DOCA Extinguishes Debt of Secured Creditor, but does not Extinguish Right to Recover. In the Wake of Bluenergy Group Limited (Subject to a Deed of Company Arrangement) (Administrators Appointed) [2015] NSWSC 997. - JHK Legal Commercial Lawyers

1 October 2015

DOCA Extinguishes Debt of Secured Creditor, but does not Extinguish Right to Recover. In the Wake of Bluenergy Group Limited (Subject to a Deed of Company Arrangement) (Administrators Appointed) [2015] NSWSC 997.

It has previously been general practice that a secured creditor who abstains from voting on a Deed of Company Arrangement (“DOCA”) will effectively stand outside of the terms of the DOCA and will be free to enforce their security pursuant to section 444D(2) of the Corporations Act 2001 (Cth) (“Corporations Act”).

In the matter of Bluenergy Group Limited (subject to a Deed of Company Arrangement) (administrators appointed) [2015] NSWSC 997, the court controversially held that the effect of the terms of a DOCA on a secured creditor resulted in the extinguishment of the secured creditor’s debt. However, the court further held that the secured creditor may nevertheless realise or deal with their security as a proprietary right.

Background

Keybridge Capital Limited (the “secured creditor”) held a security interest in all present and future rights and property of Bluenergy Group Limited (the “company”), in the form of a GSA which was registered on the Personal Properties Security Register (“PPSR”). The security was registered on the PPSR from 24 September 2013.

On 9 April 2014, administrators were jointly appointed pursuant to s436A of the Corporations Act 2001 (Cth). On 29 July 2014, the majority of creditors voted in favour of executing a DOCA which contained the following clause:

“On and from the commencing date, this Agreement fully and irrevocably releases and discharges the Company from all Claims”.

The secured creditor attended by proxy but abstained from voting.

On 19 March 2015, the secured creditor appointed another administrator pursuant to s436C of the Corporations Act, in its capacity as the holder of a security interest. The deed administrators of the DOCA brought proceedings to challenge the validity of the appointment of the administrator who had been appointed by the secured creditor and sought a declaration that the appointment be terminated.

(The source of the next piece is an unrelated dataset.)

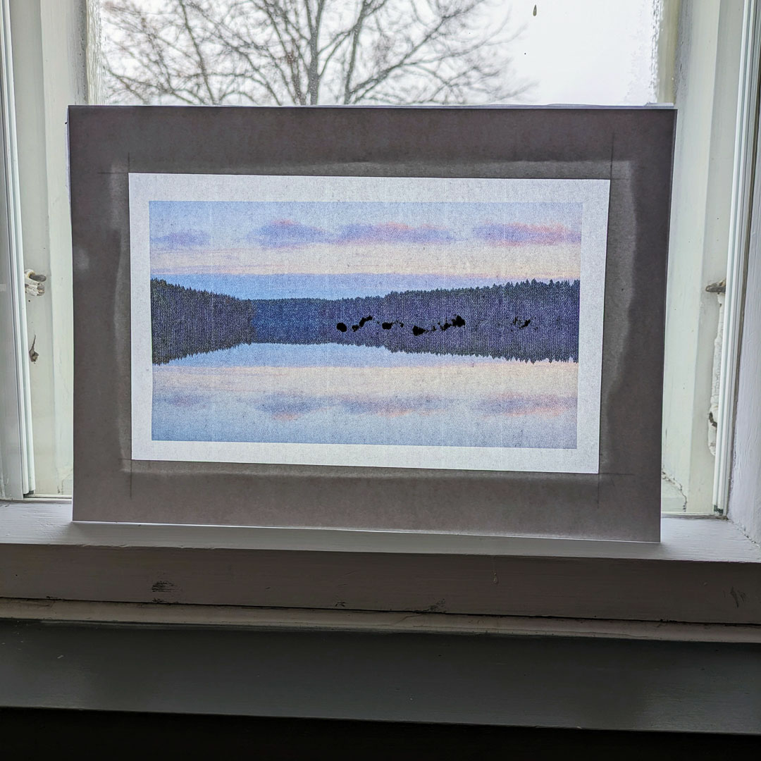 Marraskuun kuvan tulostin isompana. Se ei aivan onnistunut noista mustista kohdista. Pitäisi ottaa useampia vedoksia ja testailla, mutta tämä on aikamoista askartelua. En tiedä vielä mihin tätä käyttäisin, mutta mielenkiintoinen menetelmä pohdittavaksi. Monesti paperissa on kaksi puolta, niin kuin tässäkin. Toinen on kiiltävämpi ja sileämpi ja toisessa on enempi tekstuuria. Niitä pitäisi kokeilla, samoin paperiasetuksia matte vai glossy sekä tulostuslaatua normal vai fine jne… Tulostettavaksi valitulle kuvalle valitaan sitten näistä sopiva kombinaatio.

The deed administrators argued that the secured creditor was not a secured creditor within the meaning of s51 of the Corporations Act, as its security interest had been extinguished by the DOCA and therefore was unable to meet the requirements of s436C of the Corporations Act to appoint an administrator.

Decision of the Court

The Supreme Court of New South Wales held:

  1. the construction of the term of the DOCA (as detailed above) acted to extinguish the secured creditor’s debt;
  1. the secured creditor’s right to realise and deal with its security was preserved as a proprietary right irrespective of the debt. The terms of the DOCA could not extinguish the right to enforcement as it is expressly protected pursuant to s444D of the Corporations Act;
  1. the secured creditor’s right to realise and deal with its security interest, including appointing a receiver, was not defeated by the wording of the DOCA and accordingly the secured creditor had the right to appoint an administrator. However, the secured creditor was held not to be a creditor in the administration and accordingly the administration was terminated for lack of practical utility (and inconsistency with the purpose of Pt 5.3A of the Corporations Act);
  1. the secured creditor could realise and deal with its security at the date of the release pursuant to the terms of the DOCA, but rights in after-acquired property were not preserved.

Despite the secured creditor’s submission that for s444D(2) of the Corporations Act to have effect, “the debt that is secured should therefore be preserved”, the court followed the reasoning given by the decision in Australian Gypsum Industries Pty Ltd v. Dalesun Holdings Pty Ltd [2014] WASC 89 (“Australian Gypsum”), in determining that a secured creditor holds both a proprietary right as to the security interest granted and a personal right against the company with respect to the debt.

The court looked at the statutory scheme and purpose under Pt 5.3A of the Corporations Act, as well as the decision in Australian Gypsum, in determining that the purpose of the provision is to allow a “fresh start” and further went on to describe the “practical difficulties” in allowing secured creditors to preserve rights to after-acquired property indefinitely.

Application to secured creditors

Pursuant to this decision (and unless distinguished), a secured creditor’s personal rights to the debt and its interest in after-acquired property would be considerably effected where creditors vote in favour of a DOCA that releases all claims.

This recent legal development necessitates the active involvement of secured creditors in negotiating the terms of a DOCA. In instances where a secured creditor’s debt far exceeds the current value of the realisable secured property held (at the time of considering a DOCA), or where there is a likelihood of acquiring considerable after-acquired property, then secured creditors may consider taking an active role in DOCA negotiations to ensure that their full debt is recoverable.